Consumers buying less fresh meat, looking to produce and dairy for alternatives
Early last month, a Loblaws customer took a picture of a five-pack of chicken breasts costing $37, and posted it online. Twitter did its thing, the media picked it up and soon the country was riding a wave of anger about the skyrocketing price of meat.
Dalhousie professor Sylvain Charlesbois, one of the country’s leading experts on food and food economics, said that the photograph – and the wave of media coverage it produced – helped play a key role in shaping consumers’ perceptions of grocery prices, particularly around meat.
Largely overlooked in the subsequent furor, he said, was the fact that the picture was actually of a premium product (skinless, boneless) from Loblaws’ line of organic products, meaning the chicken was also free from hormones and antibiotics.
“It’s the noise,” said Charlesbois during a Wednesday (Feb. 15) webinar presented by data insights platform Caddle in response to a question from chief revenue officer Colleen Martin about where the consumer perception that meat prices have gone through the roof originated. “We’re impacted by what’s going on in the media.”
The “Caddle 2023 Market Outlook” presented findings from two waves of interviews with just over 3,000 Canadian grocery shoppers designed to show what kind of impact rising grocery prices have had on their shopping habits. The study’s first wave was conducted in October, followed by a second wave in January.
It found that 92% of Canadians feel that groceries cost more than they did just three months ago, while more than half said they have purchased more private label brands in response to rising prices.
Eighty per cent of respondents said they believed that meat products are more expensive, which is influencing their shopping behaviour. Nearly two-thirds (61%) of Canadians, for example, say they have reduced their meat purchases.

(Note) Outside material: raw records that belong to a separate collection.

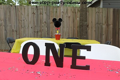 This Mickey Mouse honeycomb decoration was originally a hanging decoration. We snipped off the string, inserted a wooden dowel, and placed in a red pail containing Styrofoam. The fun factor came in the form of a red polka dotted bow tie attached with a red pipe cleaner and a festive yellow number 1 leaned against the dowel. Nothing completes a kid friendly centerpiece like candy.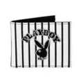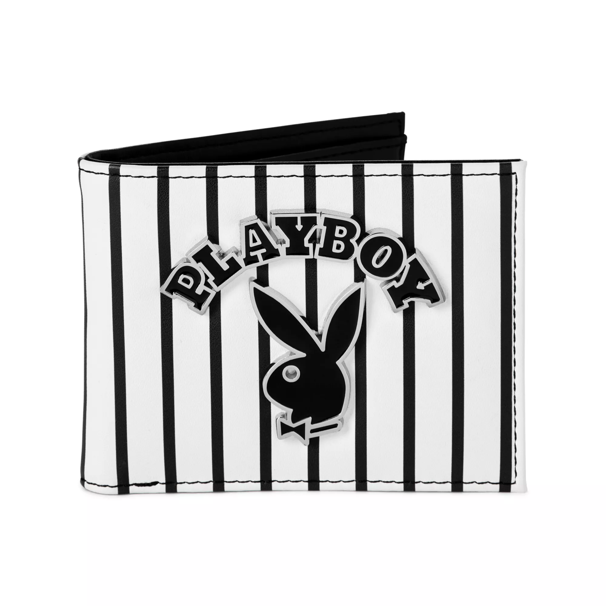Choose the Playboy life and carry your cash and cards in style when you get yourself this Black and White Playboy Pinstripe Bifold Wallet. Featuring a black Playboy Bunny decal on the front, you'll always be flaunting your love for Playboy when you keep this wallet on you.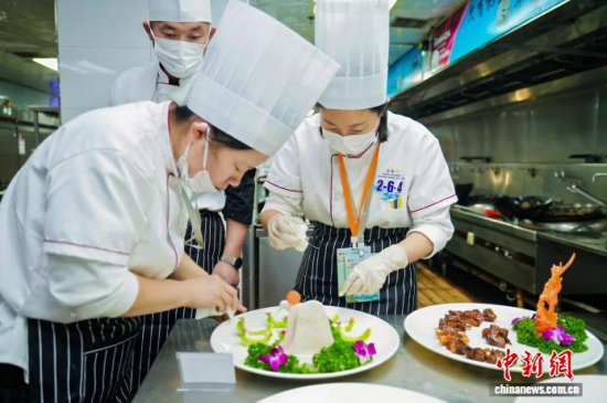 當(dāng)天上午,多支代表隊(duì)在后廚忙碌,操作臺(tái)上,參賽廚師依照藥膳指導(dǎo)師開(kāi)具的方子,將精選的人參等藥材進(jìn)行預(yù)處理,再與母雞、松花江魚(yú)等主料一同入鍋!斑@道湯適合體虛者,我們控制了人參用量,確保其口味和養(yǎng)生功效!币晃贿x手介紹。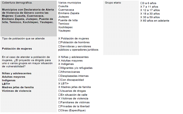 | Instancias Municipales de la Mujer | Coordinación para el seguimiento de los casos de violencia contra niñas, adolescentes y mujeres. |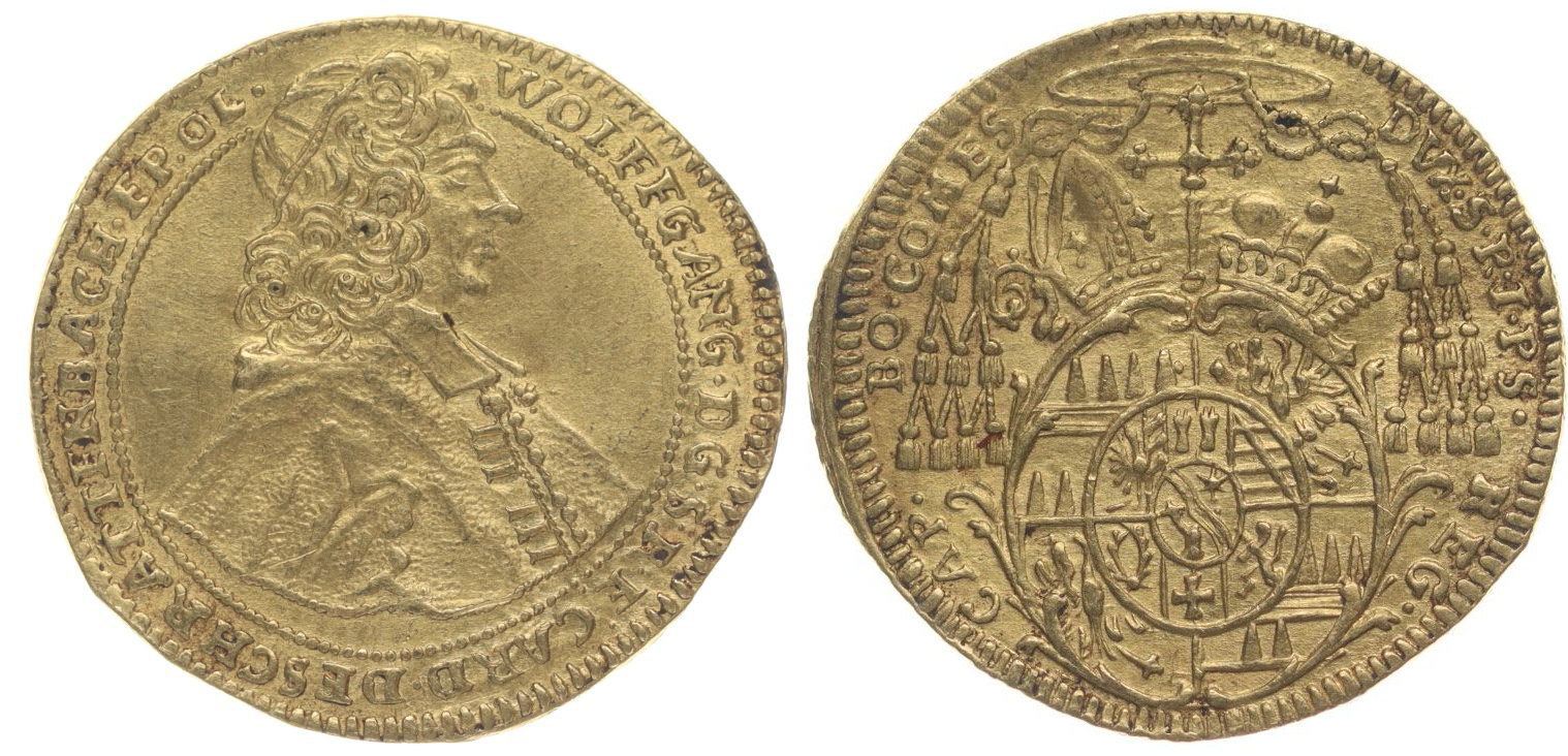 Dukát b.l., Poprsí zprava, opis / korunovaný znak pod kardinálským kloboukem, S-V.777-B/B_dr.zvln. R!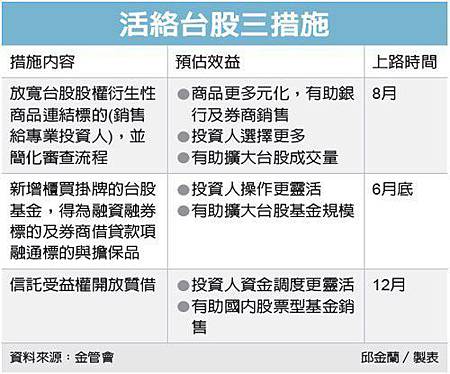台股2大利多政策來了!金管會昨宣布,6月1日起擴大現股當沖標的,新增認購(售)權證股票和ETF(指數股票型基金)都可當沖;其次,8月起放寬各銀行銷售的台股股權衍生性商品,將可連結所有上市櫃股票,2大利多都有助推升台股量能,投資人選擇投資商品也更多元。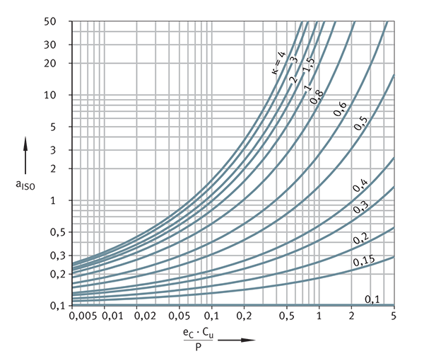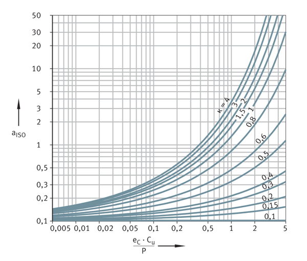 出于實際目的,壽命調整系數應限制在aISO≤50。如果eC·Cu/P>5,該限值也適用。對于粘度比κ>4,應使用值κ=4;如果κ<0,1,則計算無效。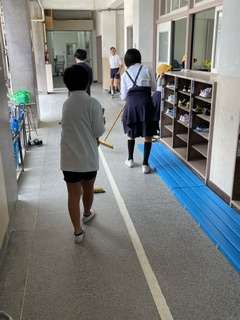 平野南小学校では4月の間1年生の教室や廊下、トイレの清掃を最高学年の6年生が行ってくれます。

But Caddle’s research showed there’s a significant discrepancy between consumer perception and reality. The price increase for meat, for example, is actually fairly modest (+6%) compared to other grocery categories such as bakery (+14%), vegetables (+13.7%) and dairy products (+12%). “Right now, the meat counter is seen as a very expensive place, but the reality is that meat has been a non-story in the grand scheme of things,” said Charlesbois.

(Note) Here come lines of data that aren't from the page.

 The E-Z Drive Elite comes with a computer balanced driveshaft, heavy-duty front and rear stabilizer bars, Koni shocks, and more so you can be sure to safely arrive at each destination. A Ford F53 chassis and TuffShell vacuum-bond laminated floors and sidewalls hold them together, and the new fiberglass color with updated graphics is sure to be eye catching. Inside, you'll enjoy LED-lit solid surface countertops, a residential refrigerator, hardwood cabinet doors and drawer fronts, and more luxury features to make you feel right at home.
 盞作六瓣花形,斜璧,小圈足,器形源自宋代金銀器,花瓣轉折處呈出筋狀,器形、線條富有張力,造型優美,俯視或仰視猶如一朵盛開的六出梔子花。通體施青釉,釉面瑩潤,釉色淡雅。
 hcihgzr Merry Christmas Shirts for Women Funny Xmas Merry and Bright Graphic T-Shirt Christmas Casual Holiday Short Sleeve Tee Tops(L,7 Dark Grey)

While meat sales have taken a hit, the Caddle research also found that 51% of consumers are buying more produce than they did in the previous year, and are also looking to dairy and frozen foods to offset a perceived increase in meat prices.
Higher prices are also causing consumers to seek out cost savings through private label brands, with just over 53% of Canadians saying they are buying either a little more or much more of these kinds of products.

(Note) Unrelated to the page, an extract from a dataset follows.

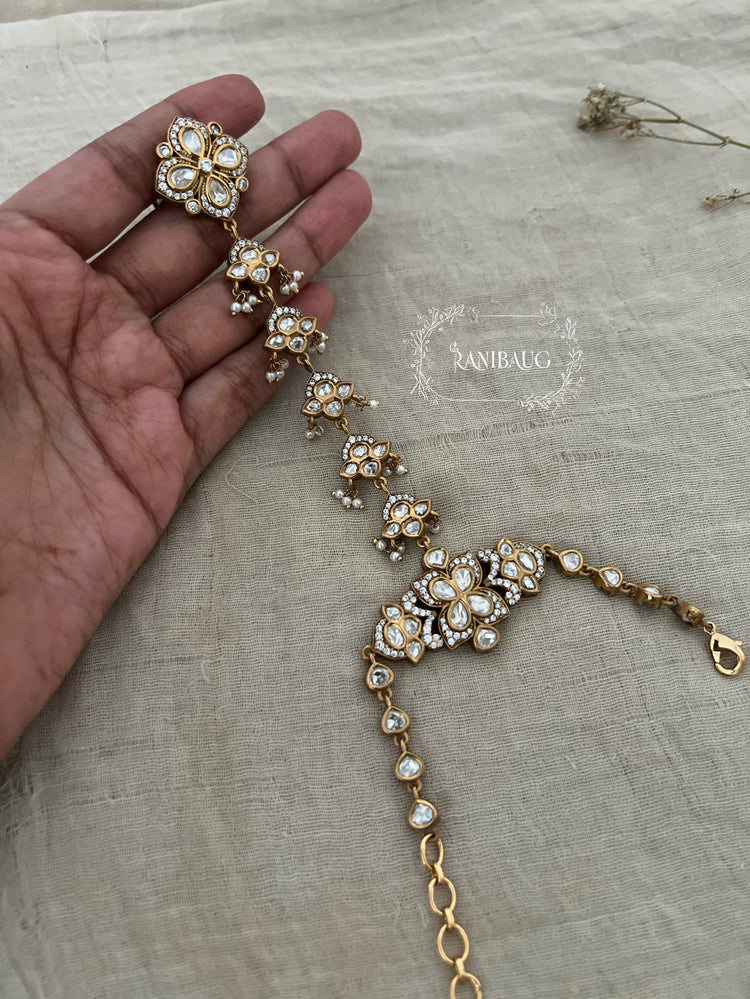 The delicate floral links are interspersed with tiny pearl drops, lending elegance, texture, and gentle movement. A symmetrical design flows from the finger ring to the central medallion and seamlessly wraps around the wrist with sparkling round kundan links and an adjustable clasp for a secure, comfortable fit.

“With most grocers I talk to, [private label] is the focus,” said Charlesbois. “You have this amazing super-cluster of innovation providing us with different, really novel products.” These products, added Martin, are expanding into premium categories such as health- and plant-based foods.
“[Y]ou’re seeing them not only creeping in, but taking over large linear and winning awards for quality, taste, value, all of those things,” she said. “It’s a really exciting time as retailers expand their product development teams.” Charlebois said that a growing number of private label brands are now winning food innovation prizes. “That’s something we didn’t see 20 years ago,” he said. “It’s really changing.”
Charlesbois also said that Nestle’s recent exit from frozen food and pizza with the decision to wind down product lines including Stouffers and Delissio presents an opportunity for manufacturers in the growing frozen category.
“There are going to be gaps in the freezer aisle, [which] is getting busier and busier because of what’s going on with food inflation,” he said. Private label products, he said, could occupy the “Nestle void.”